[[ DATASET ENTRIES open ]]

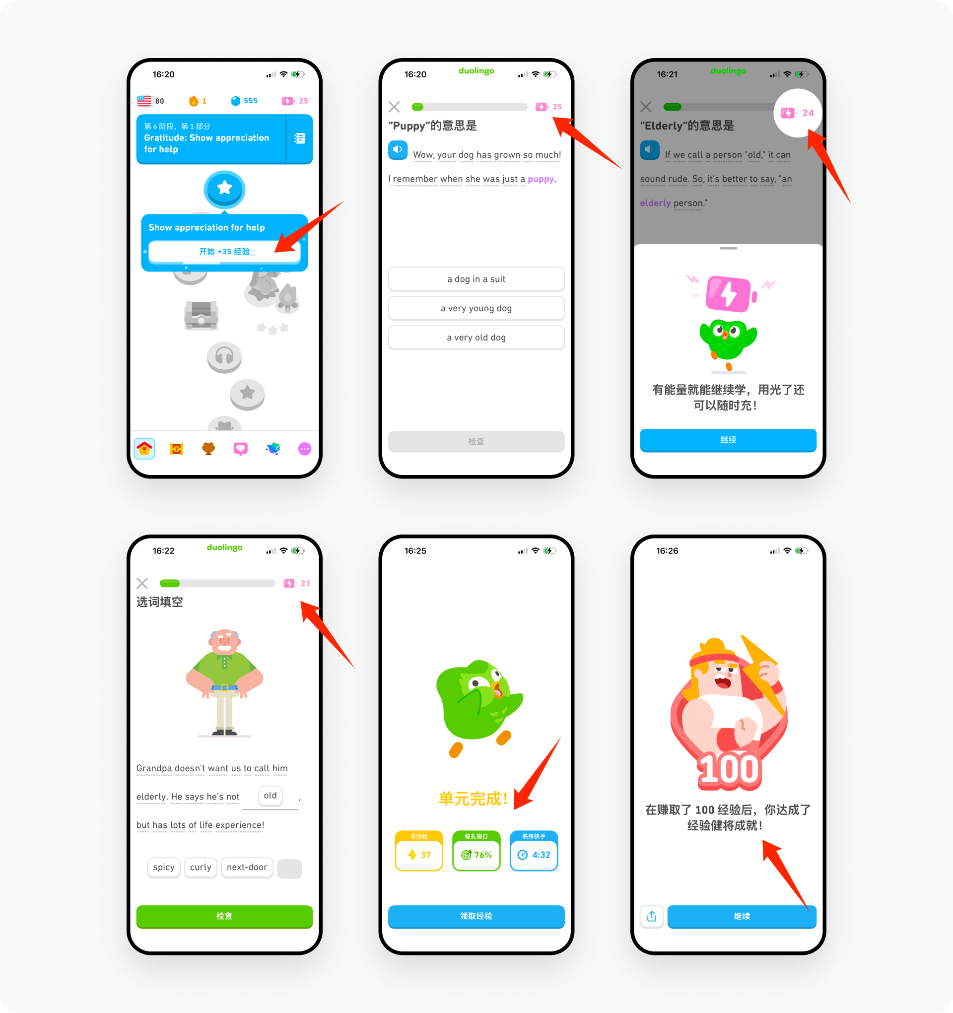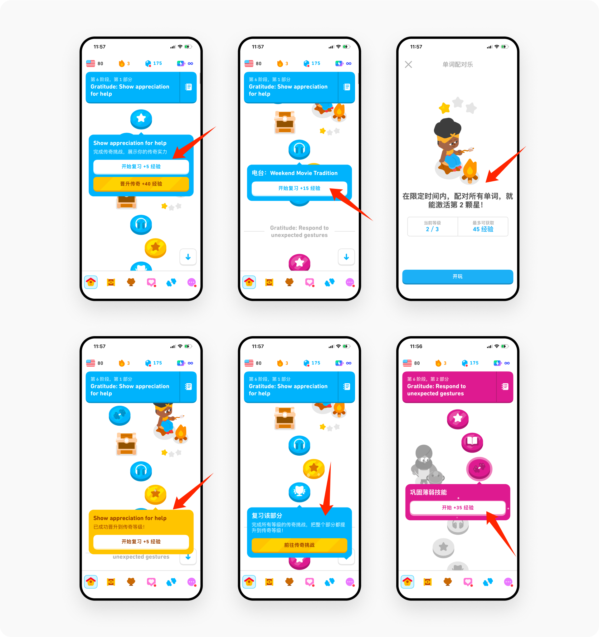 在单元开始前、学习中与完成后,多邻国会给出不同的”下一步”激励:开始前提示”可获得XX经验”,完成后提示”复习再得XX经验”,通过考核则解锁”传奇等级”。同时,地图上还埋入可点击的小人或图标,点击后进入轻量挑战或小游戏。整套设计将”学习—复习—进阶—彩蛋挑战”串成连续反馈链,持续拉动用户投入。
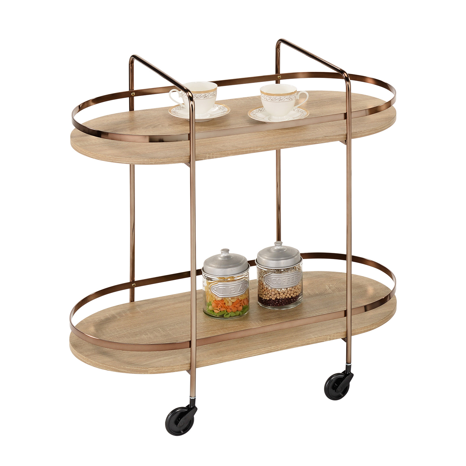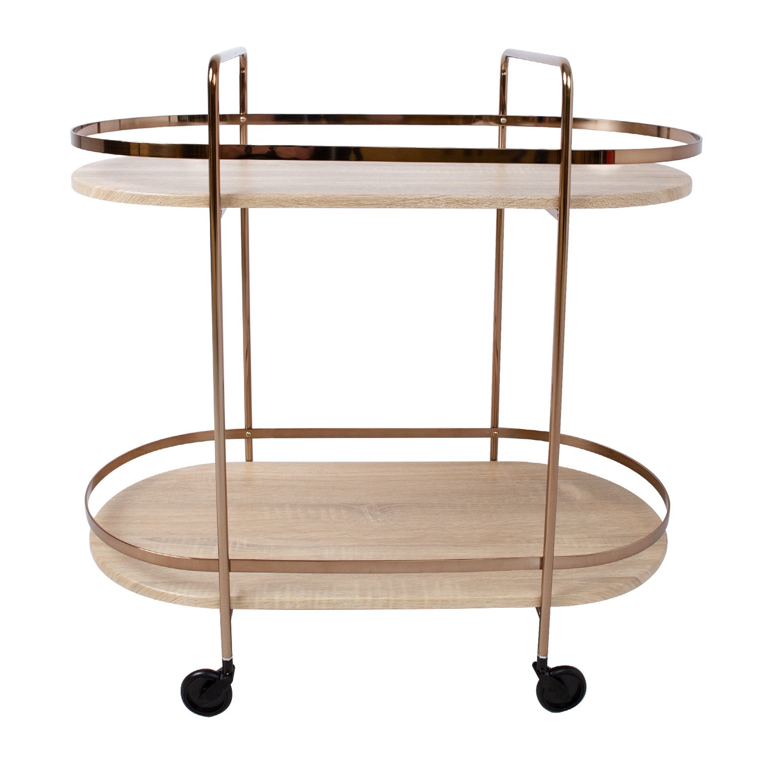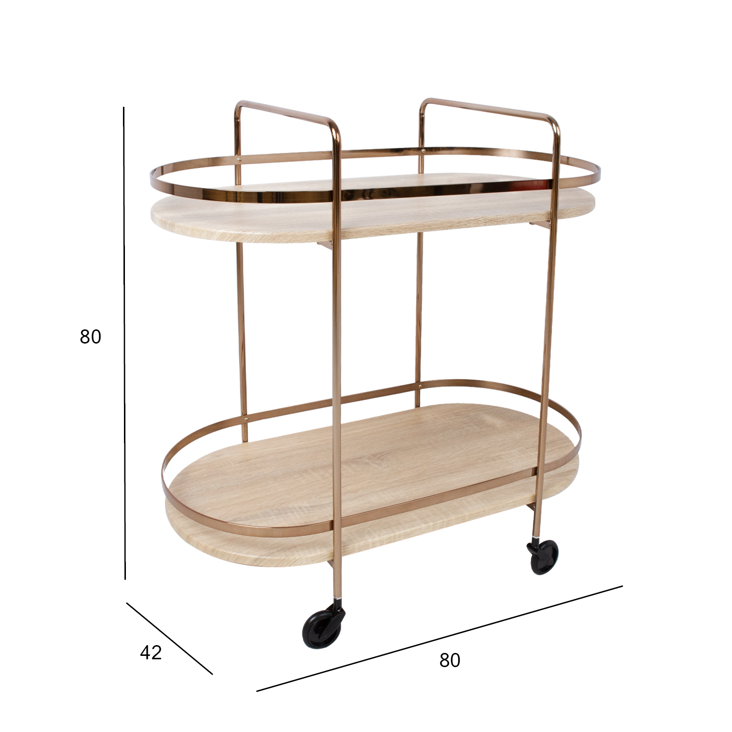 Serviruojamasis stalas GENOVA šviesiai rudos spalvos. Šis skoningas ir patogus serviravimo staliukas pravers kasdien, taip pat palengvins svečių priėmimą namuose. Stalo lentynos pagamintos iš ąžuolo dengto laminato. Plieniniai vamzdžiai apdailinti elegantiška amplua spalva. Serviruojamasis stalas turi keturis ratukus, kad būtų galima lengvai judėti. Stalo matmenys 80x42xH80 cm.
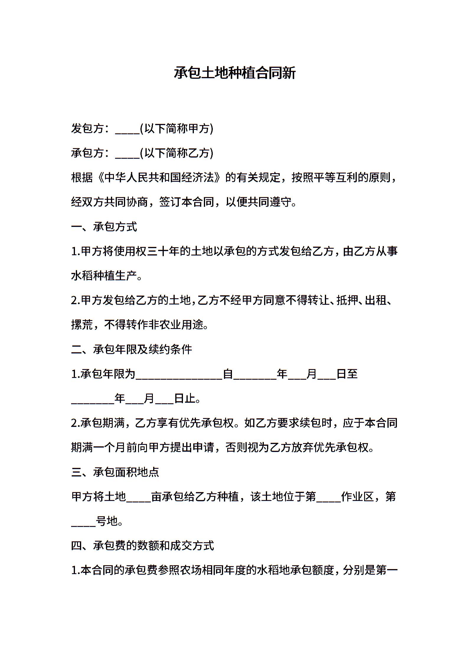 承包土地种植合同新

[[ DATASET ENTRIES closed ]]
[[ DATASET ENTRIES open ]]

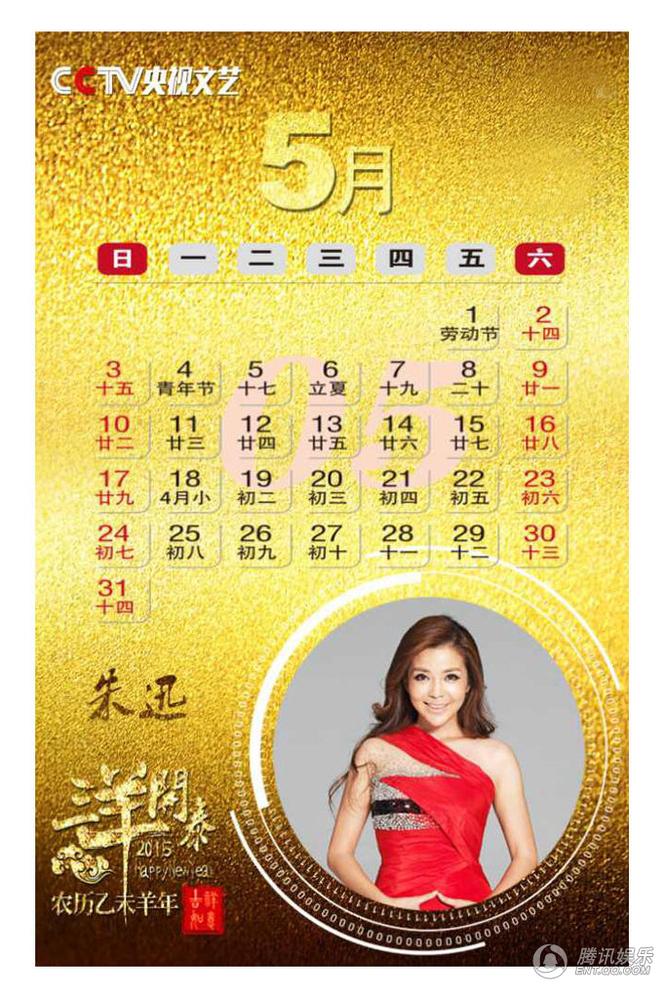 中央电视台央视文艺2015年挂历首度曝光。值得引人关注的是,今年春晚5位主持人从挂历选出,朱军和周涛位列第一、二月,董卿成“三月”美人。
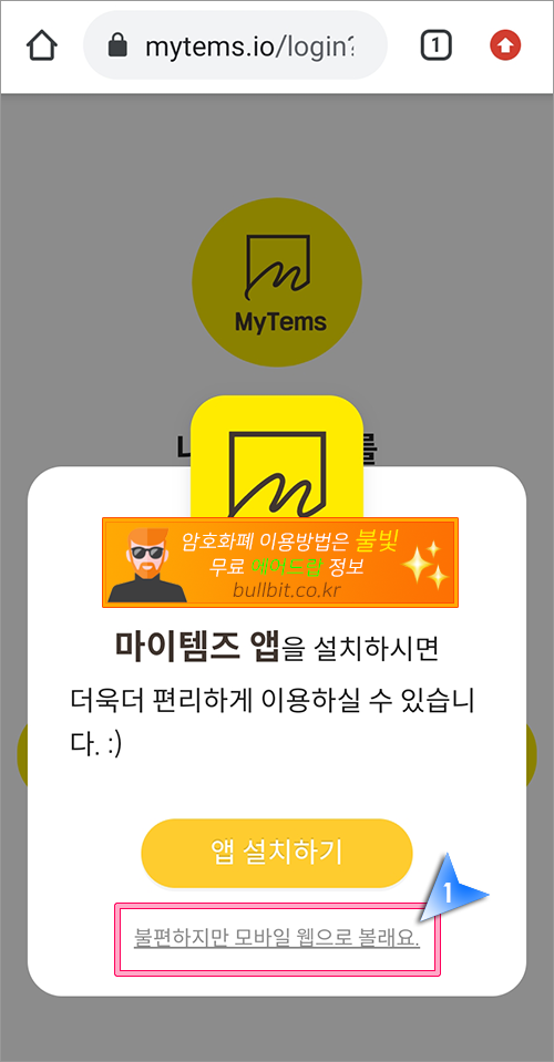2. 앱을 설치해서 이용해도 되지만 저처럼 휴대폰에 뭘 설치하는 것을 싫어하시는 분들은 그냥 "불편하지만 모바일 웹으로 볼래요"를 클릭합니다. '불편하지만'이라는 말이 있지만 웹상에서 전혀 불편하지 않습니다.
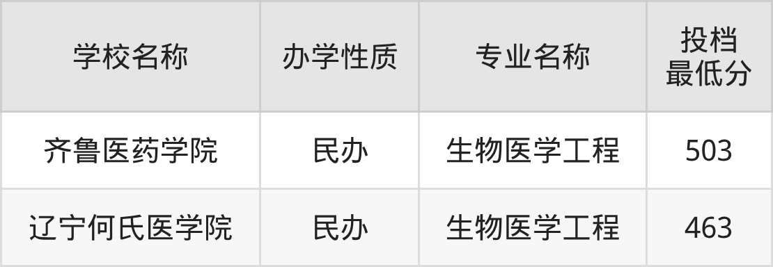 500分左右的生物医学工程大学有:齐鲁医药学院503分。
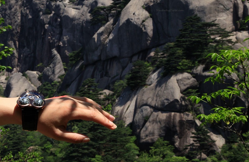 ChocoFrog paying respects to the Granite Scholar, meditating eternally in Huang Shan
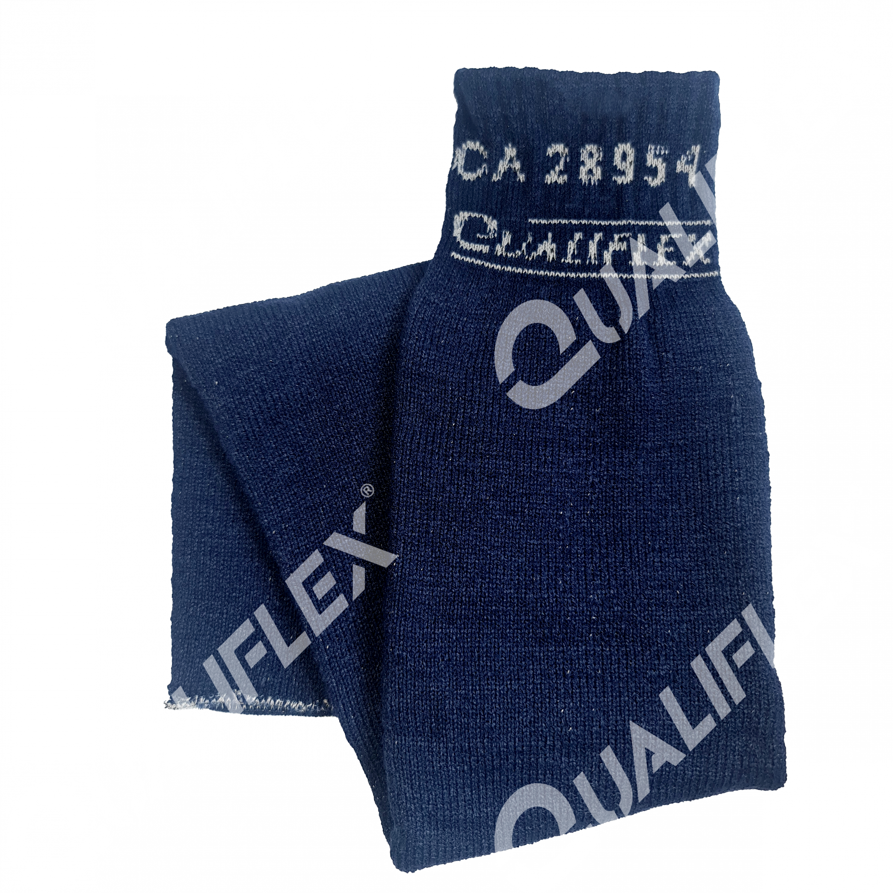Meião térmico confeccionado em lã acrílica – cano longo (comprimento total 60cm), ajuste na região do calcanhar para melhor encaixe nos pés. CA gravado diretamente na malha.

[[ DATASET ENTRIES closed ]]

WHAT YOU HAVE TO DO:
Your answer should be the exact lines above from the one containing "500分左右的生物医学工程大学有:齐鲁医药学院503分。" through the one containing "Meião térmico confeccionado", with both end lines kept and the pictures removed, please.

TASK SOLUTION:
 500分左右的生物医学工程大学有:齐鲁医药学院503分。
 ChocoFrog paying respects to the Granite Scholar, meditating eternally in Huang Shan
Meião térmico confeccionado em lã acrílica – cano longo (comprimento total 60cm), ajuste na região do calcanhar para melhor encaixe nos pés. CA gravado diretamente na malha.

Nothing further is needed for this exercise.